Stored data section start

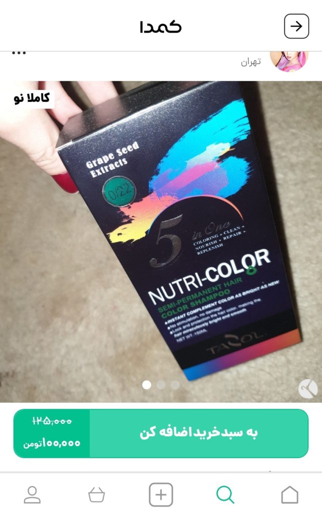در خرید رنگ مو فاکتوری که بیش از همه چیز باید به آن توجه داشته باشید، میزان کیفیت و میزان سازگاری ترکیبات رنگ با سلامت موهایتان است، زیرا رضایت شما از نتیجه کار تا حد زیادی به کیفیت رنگی که انتخاب میکنید بستگی خواهد داشت. بنابراین در خرید رنگ مو کیفیت را اولویت قرار دهید. ما برای شما در این مقاله به صحبت درباره رنگ کردن مو با زردچوبه پرداختیم. و حالا نیز پیشنهادهای جذابی برای خرید رنگ مو برای شما خواهیم داشت. شما میتوانید خرید رنگ مو از اپلیکیشن و پلتفرم هیجانانگیز و دنیای پر از تخفیف کمدا را انتخاب کنید. اگر هنوز کمدا را خوب نمیشناسید لازم است بگوییم که شما با کمک اپلیکیشن کمدا میتوانید تمام کالاهای مورد نیازتان را با تخفیفهای فوقالعاده و همیشگی بخرید و خاطرتان جمع باشد که کمدا با گارانتی پرداخت، فضای امنی برای خرید و فروش شما فراهم کرده است. کافی است در کمدا نام محصول و کالای مورد نیازتان را در قسمت جستجو سرچ کنید، تا صدها نمونه از آن کالا را با قیمتهایی باور نکردنی پیدا کنید. فراموش نکنید که شما در کمدا میتوانید هم یک خریدار باشید و هم یک فروشنده! به این شکل که میتوانید کالای نو و در حد نو خود را که دیگر در کمدتان جایی ندارد، با قیمتی مناسب در کمدا به فروش برسانید و هزینهاش را به راحتی دریافت کنید و به این ترتیب اشیای بلا استفادهتان را به پول تبدیل کنید. حالا با هم نمونههای از محصولات مربوط به رنگ مو موجود و قابل فروش در کمدا را خواهیم دید.
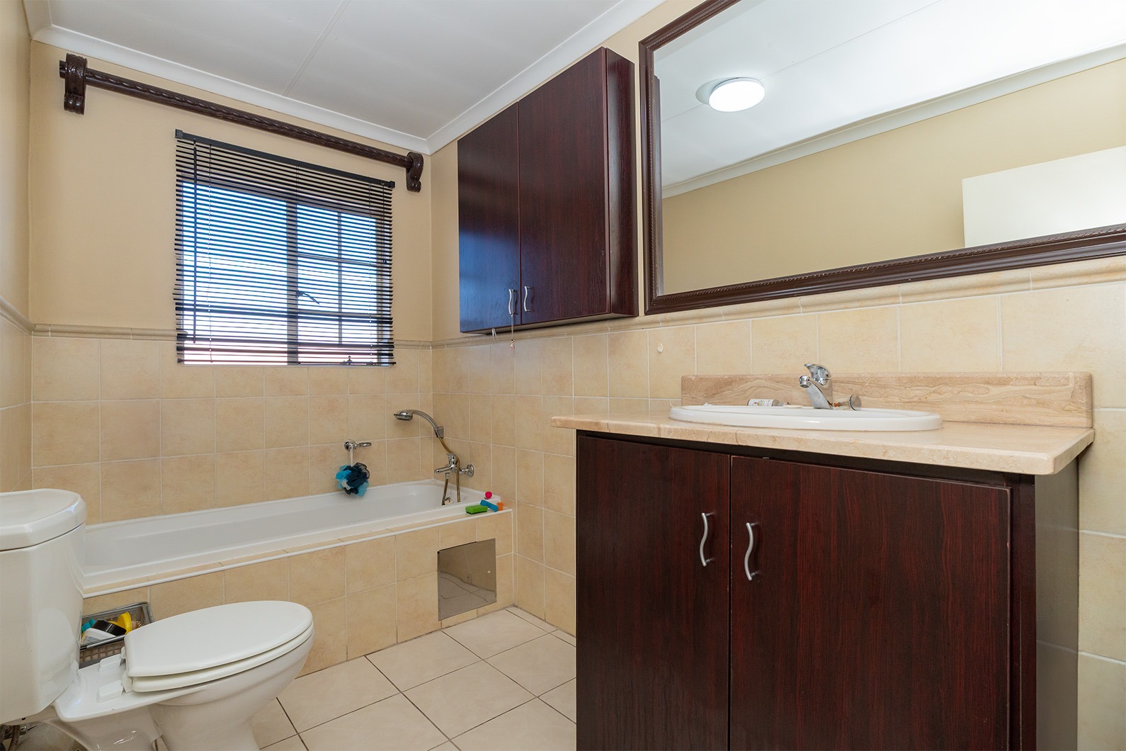 2 Well sized bedrooms and tiled throughout. Main bedroom has an en suite bathroom with a bath and 2nd bathroom has a shower.
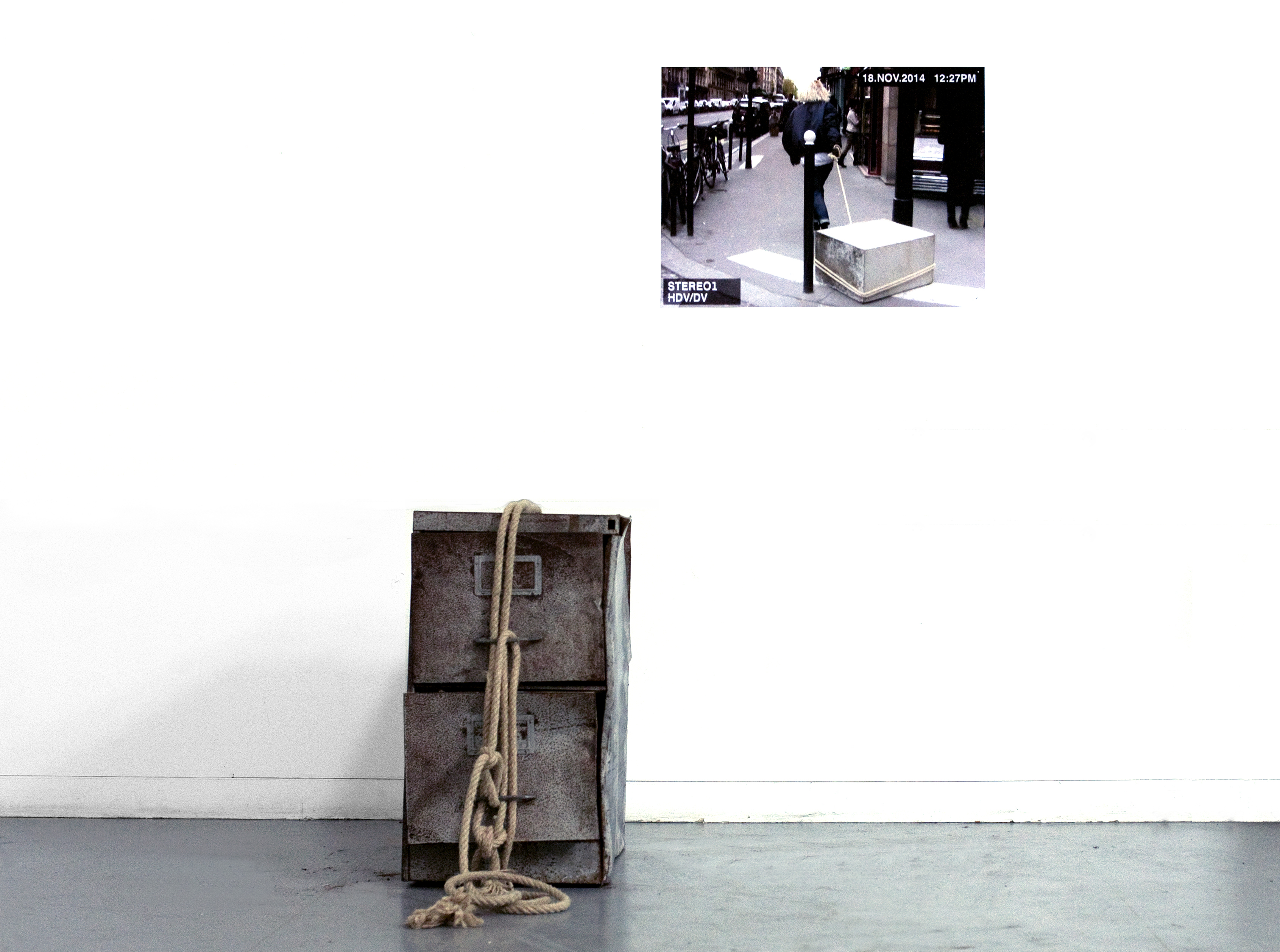 L’installation Transfert (2014) en est l’exemple parfait : l’artiste traîna un meuble de métal du nord au sud de Paris et filma le voyage, mais il n’expose que le meuble, trace de l’action, et une capture d’écran, trace de la vidéo. Tour à tour performance, vidéo, photographie, sculpture et installation, ce qu’il en reste est un langage sobre, post-minimaliste, et les passages d’une technique à l’autre permettent de dépasser l’action et de créer, comme dans Esperanto, une fiction autour de la confrontation entre le corps et l’espace social.

Stored data section end

Dropping every picture, restate the material word for word.

در خرید رنگ مو فاکتوری که بیش از همه چیز باید به آن توجه داشته باشید، میزان کیفیت و میزان سازگاری ترکیبات رنگ با سلامت موهایتان است، زیرا رضایت شما از نتیجه کار تا حد زیادی به کیفیت رنگی که انتخاب میکنید بستگی خواهد داشت. بنابراین در خرید رنگ مو کیفیت را اولویت قرار دهید. ما برای شما در این مقاله به صحبت درباره رنگ کردن مو با زردچوبه پرداختیم. و حالا نیز پیشنهادهای جذابی برای خرید رنگ مو برای شما خواهیم داشت. شما میتوانید خرید رنگ مو از اپلیکیشن و پلتفرم هیجانانگیز و دنیای پر از تخفیف کمدا را انتخاب کنید. اگر هنوز کمدا را خوب نمیشناسید لازم است بگوییم که شما با کمک اپلیکیشن کمدا میتوانید تمام کالاهای مورد نیازتان را با تخفیفهای فوقالعاده و همیشگی بخرید و خاطرتان جمع باشد که کمدا با گارانتی پرداخت، فضای امنی برای خرید و فروش شما فراهم کرده است. کافی است در کمدا نام محصول و کالای مورد نیازتان را در قسمت جستجو سرچ کنید، تا صدها نمونه از آن کالا را با قیمتهایی باور نکردنی پیدا کنید. فراموش نکنید که شما در کمدا میتوانید هم یک خریدار باشید و هم یک فروشنده! به این شکل که میتوانید کالای نو و در حد نو خود را که دیگر در کمدتان جایی ندارد، با قیمتی مناسب در کمدا به فروش برسانید و هزینهاش را به راحتی دریافت کنید و به این ترتیب اشیای بلا استفادهتان را به پول تبدیل کنید. حالا با هم نمونههای از محصولات مربوط به رنگ مو موجود و قابل فروش در کمدا را خواهیم دید.
 2 Well sized bedrooms and tiled throughout. Main bedroom has an en suite bathroom with a bath and 2nd bathroom has a shower.
 L’installation Transfert (2014) en est l’exemple parfait : l’artiste traîna un meuble de métal du nord au sud de Paris et filma le voyage, mais il n’expose que le meuble, trace de l’action, et une capture d’écran, trace de la vidéo. Tour à tour performance, vidéo, photographie, sculpture et installation, ce qu’il en reste est un langage sobre, post-minimaliste, et les passages d’une technique à l’autre permettent de dépasser l’action et de créer, comme dans Esperanto, une fiction autour de la confrontation entre le corps et l’espace social.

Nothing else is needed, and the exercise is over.